Source data
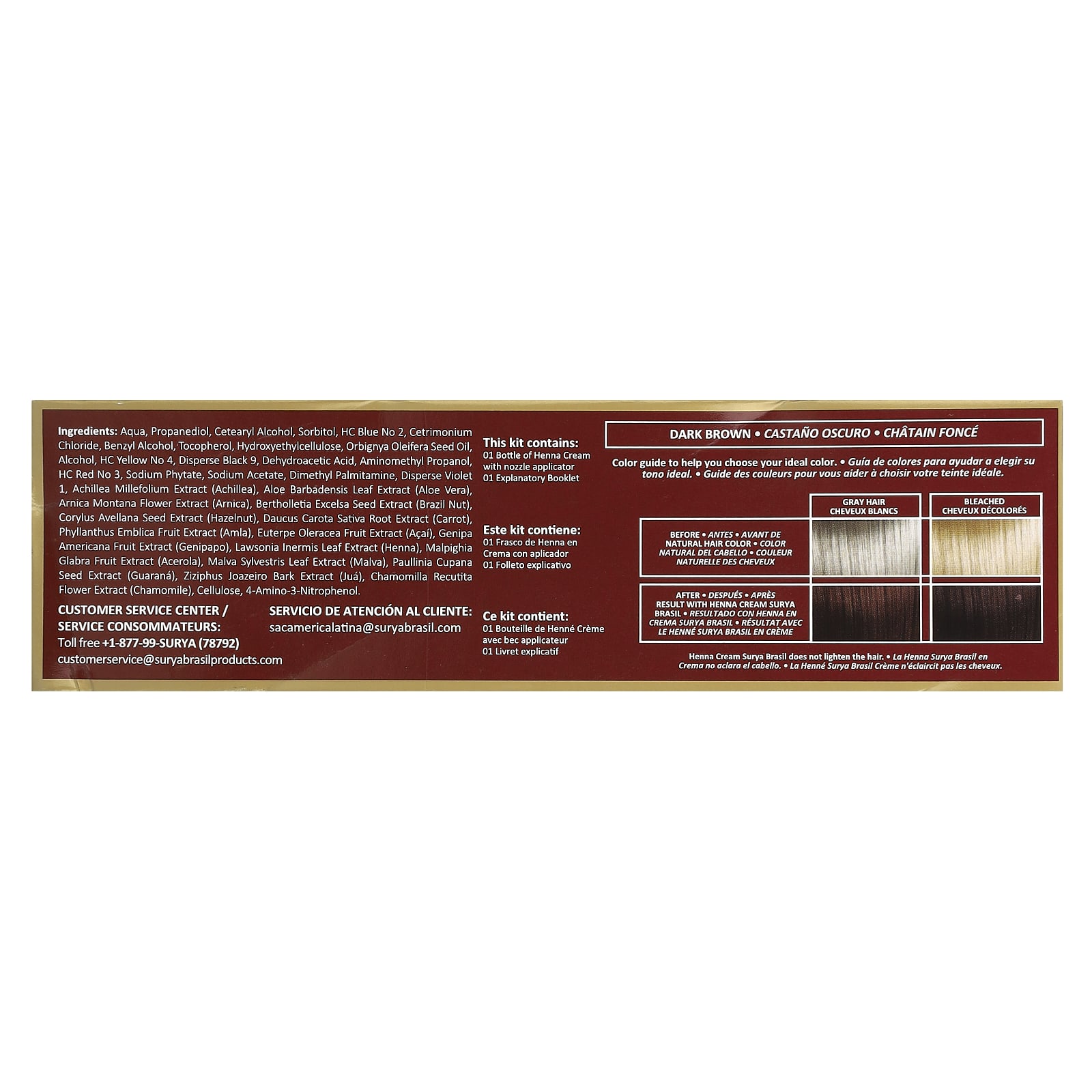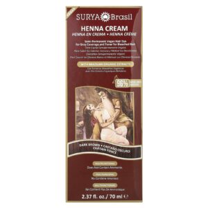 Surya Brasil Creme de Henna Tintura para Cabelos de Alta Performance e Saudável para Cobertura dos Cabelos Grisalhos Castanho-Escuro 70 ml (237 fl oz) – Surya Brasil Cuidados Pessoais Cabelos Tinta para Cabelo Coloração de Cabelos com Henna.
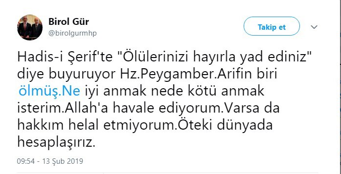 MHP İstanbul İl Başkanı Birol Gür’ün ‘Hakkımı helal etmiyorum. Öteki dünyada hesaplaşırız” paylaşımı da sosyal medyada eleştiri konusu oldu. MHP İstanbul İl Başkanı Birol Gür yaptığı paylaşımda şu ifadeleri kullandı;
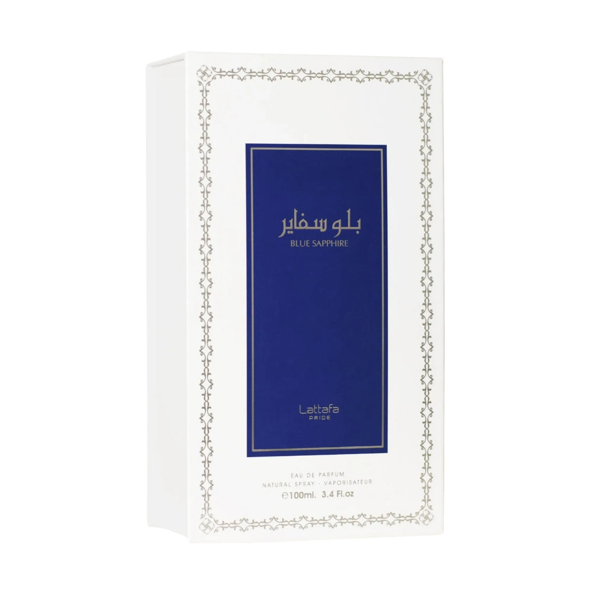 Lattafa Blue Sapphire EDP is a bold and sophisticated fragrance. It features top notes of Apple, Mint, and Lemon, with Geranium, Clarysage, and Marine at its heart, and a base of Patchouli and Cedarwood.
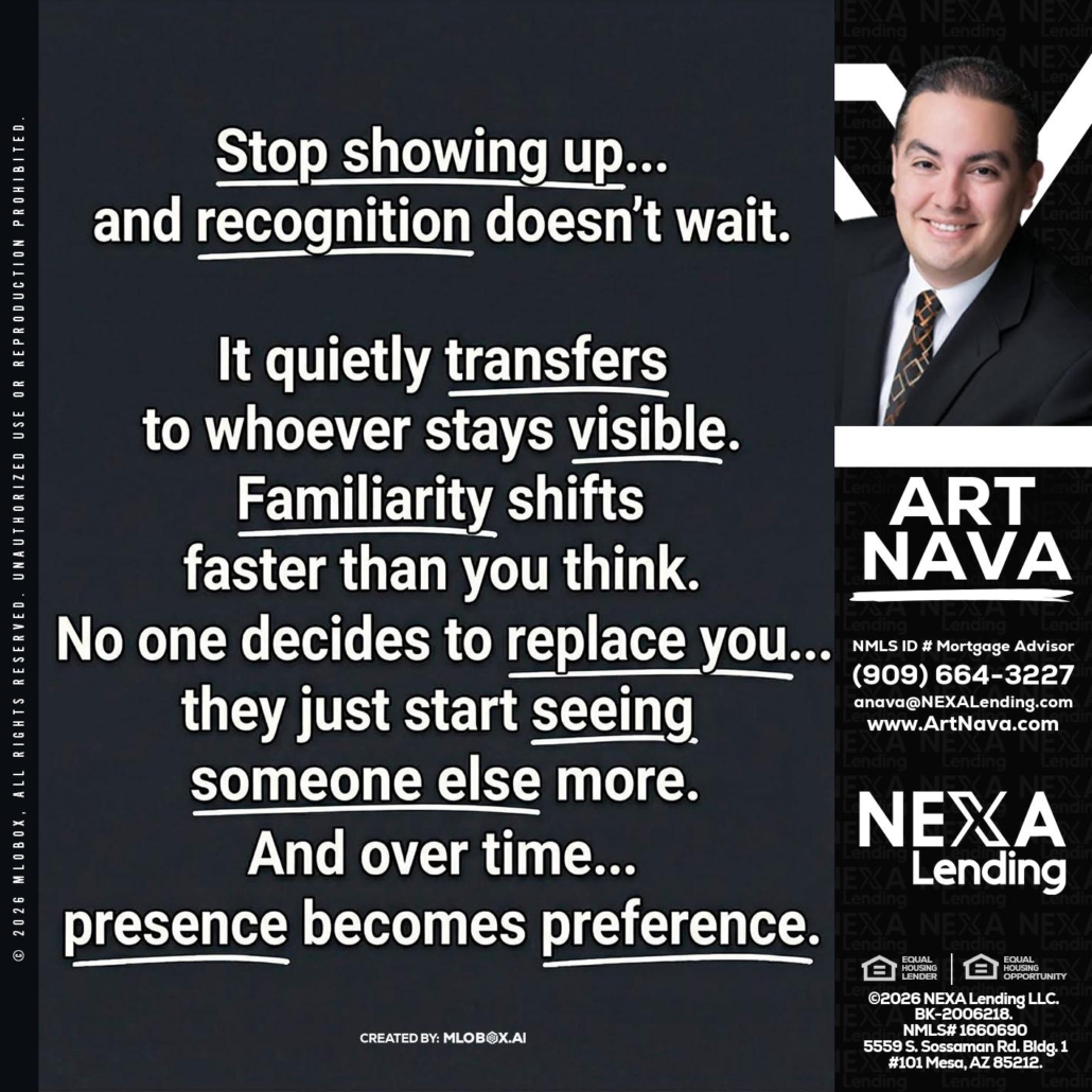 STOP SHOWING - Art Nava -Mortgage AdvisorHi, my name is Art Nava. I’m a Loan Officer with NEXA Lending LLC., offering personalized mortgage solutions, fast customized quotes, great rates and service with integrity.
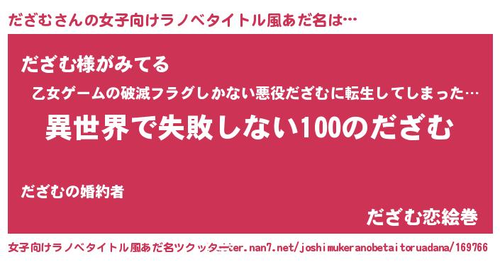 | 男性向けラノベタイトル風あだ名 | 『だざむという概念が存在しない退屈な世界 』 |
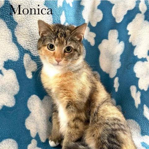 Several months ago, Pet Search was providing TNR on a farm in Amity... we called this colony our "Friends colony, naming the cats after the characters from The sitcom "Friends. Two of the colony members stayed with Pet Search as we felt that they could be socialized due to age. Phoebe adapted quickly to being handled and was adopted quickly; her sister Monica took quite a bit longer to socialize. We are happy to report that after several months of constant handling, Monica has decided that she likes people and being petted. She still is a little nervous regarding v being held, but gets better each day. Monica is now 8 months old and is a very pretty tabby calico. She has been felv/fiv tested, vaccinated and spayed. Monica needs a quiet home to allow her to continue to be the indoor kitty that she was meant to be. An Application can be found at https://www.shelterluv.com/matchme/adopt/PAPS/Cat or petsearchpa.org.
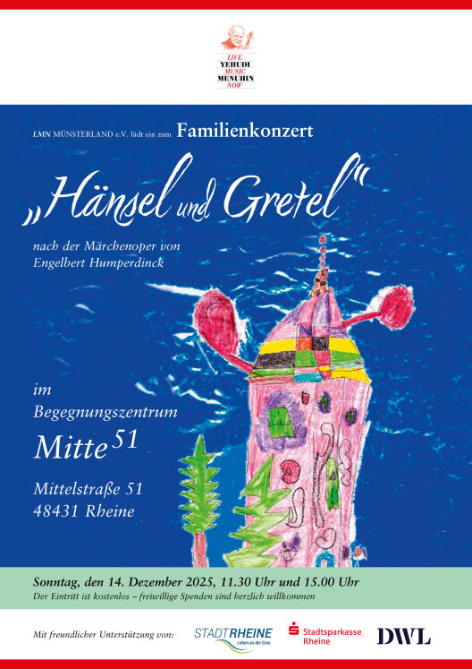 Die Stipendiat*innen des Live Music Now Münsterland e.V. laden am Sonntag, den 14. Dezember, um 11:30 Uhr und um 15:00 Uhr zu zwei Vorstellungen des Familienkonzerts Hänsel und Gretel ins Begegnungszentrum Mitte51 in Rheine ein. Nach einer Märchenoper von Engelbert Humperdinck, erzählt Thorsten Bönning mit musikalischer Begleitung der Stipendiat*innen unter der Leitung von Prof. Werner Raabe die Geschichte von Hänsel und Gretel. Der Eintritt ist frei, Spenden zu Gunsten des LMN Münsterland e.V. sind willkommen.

Exercise instructions
Apart from the pictures, every line of the data above should be given again exactly.

Written response
 Surya Brasil Creme de Henna Tintura para Cabelos de Alta Performance e Saudável para Cobertura dos Cabelos Grisalhos Castanho-Escuro 70 ml (237 fl oz) – Surya Brasil Cuidados Pessoais Cabelos Tinta para Cabelo Coloração de Cabelos com Henna.
 MHP İstanbul İl Başkanı Birol Gür’ün ‘Hakkımı helal etmiyorum. Öteki dünyada hesaplaşırız” paylaşımı da sosyal medyada eleştiri konusu oldu. MHP İstanbul İl Başkanı Birol Gür yaptığı paylaşımda şu ifadeleri kullandı;
 Lattafa Blue Sapphire EDP is a bold and sophisticated fragrance. It features top notes of Apple, Mint, and Lemon, with Geranium, Clarysage, and Marine at its heart, and a base of Patchouli and Cedarwood.
 STOP SHOWING - Art Nava -Mortgage AdvisorHi, my name is Art Nava. I’m a Loan Officer with NEXA Lending LLC., offering personalized mortgage solutions, fast customized quotes, great rates and service with integrity.
 | 男性向けラノベタイトル風あだ名 | 『だざむという概念が存在しない退屈な世界 』 |
 Several months ago, Pet Search was providing TNR on a farm in Amity... we called this colony our "Friends colony, naming the cats after the characters from The sitcom "Friends. Two of the colony members stayed with Pet Search as we felt that they could be socialized due to age. Phoebe adapted quickly to being handled and was adopted quickly; her sister Monica took quite a bit longer to socialize. We are happy to report that after several months of constant handling, Monica has decided that she likes people and being petted. She still is a little nervous regarding v being held, but gets better each day. Monica is now 8 months old and is a very pretty tabby calico. She has been felv/fiv tested, vaccinated and spayed. Monica needs a quiet home to allow her to continue to be the indoor kitty that she was meant to be. An Application can be found at https://www.shelterluv.com/matchme/adopt/PAPS/Cat or petsearchpa.org.
 Die Stipendiat*innen des Live Music Now Münsterland e.V. laden am Sonntag, den 14. Dezember, um 11:30 Uhr und um 15:00 Uhr zu zwei Vorstellungen des Familienkonzerts Hänsel und Gretel ins Begegnungszentrum Mitte51 in Rheine ein. Nach einer Märchenoper von Engelbert Humperdinck, erzählt Thorsten Bönning mit musikalischer Begleitung der Stipendiat*innen unter der Leitung von Prof. Werner Raabe die Geschichte von Hänsel und Gretel. Der Eintritt ist frei, Spenden zu Gunsten des LMN Münsterland e.V. sind willkommen.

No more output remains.